Member of the New South Wales Legislative Assembly for Wollondilly
- Incumbent
- Assumed office 25 March 2023
- Preceded by: Nathaniel Smith

Mayor of Wollondilly
- In office 26 September 2016 – 17 December 2018
- Preceded by: Simon Landow
- Succeeded by: Matthew Deeth
- In office 16 April 2007 – 13 September 2008
- Preceded by: Phil Costa
- Succeeded by: Michael Banasik

Councillor of Wollondilly Shire for North Ward
- In office 27 March 2004 – 14 September 2024

Personal details
- Born: Judy Irvine
- Party: Independent
- Other political affiliations: Liberal (2000s)
- Occupation: Optometrist

= Judy Hannan =

Australian politician

Judith Anne Hannan (née Irvine) is an Australian politician. She was elected a member of the New South Wales Legislative Assembly representing Wollondilly as an Independent in 2023.

==Political career==
She was the unsuccessful Liberal candidate in the 2001 Auburn state by-election. She then unsuccessfully contested Granville at the 2003 New South Wales state election.
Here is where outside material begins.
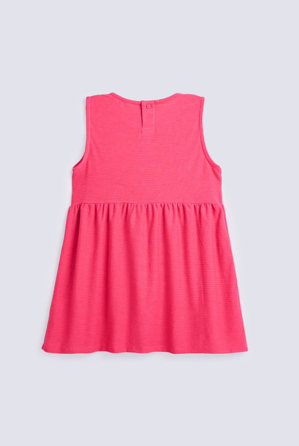 Pink textured dress with a sweet bow on the front and a single button fastening at the back.
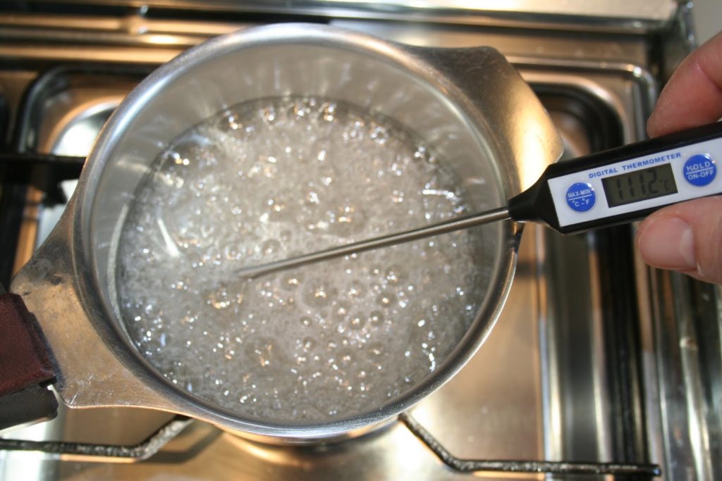 - L’ensemble doit atteindre 117°C, mais il faut commencer à monter les blancs en neige quand le sucre atteint 110°C.

In 2004, she ran for Wollondilly Shire in North Ward.

In the 2011 New South Wales state election, Hannan contested Wollondilly for the Hatton's Independent Team but came in third place.

Prior to the 2019 New South Wales state election, she had been courted as a possible Liberal candidate by then-Premier Gladys Berejiklian. Nathaniel Smith was selected as the Liberal candidate for Wollondilly instead. Hannan ran as an independent against Smith, achieving 44.5% of the two-party preferred vote. In the 2023 election, she ran again as an independent and was supported by the teal-aligned Climate 200.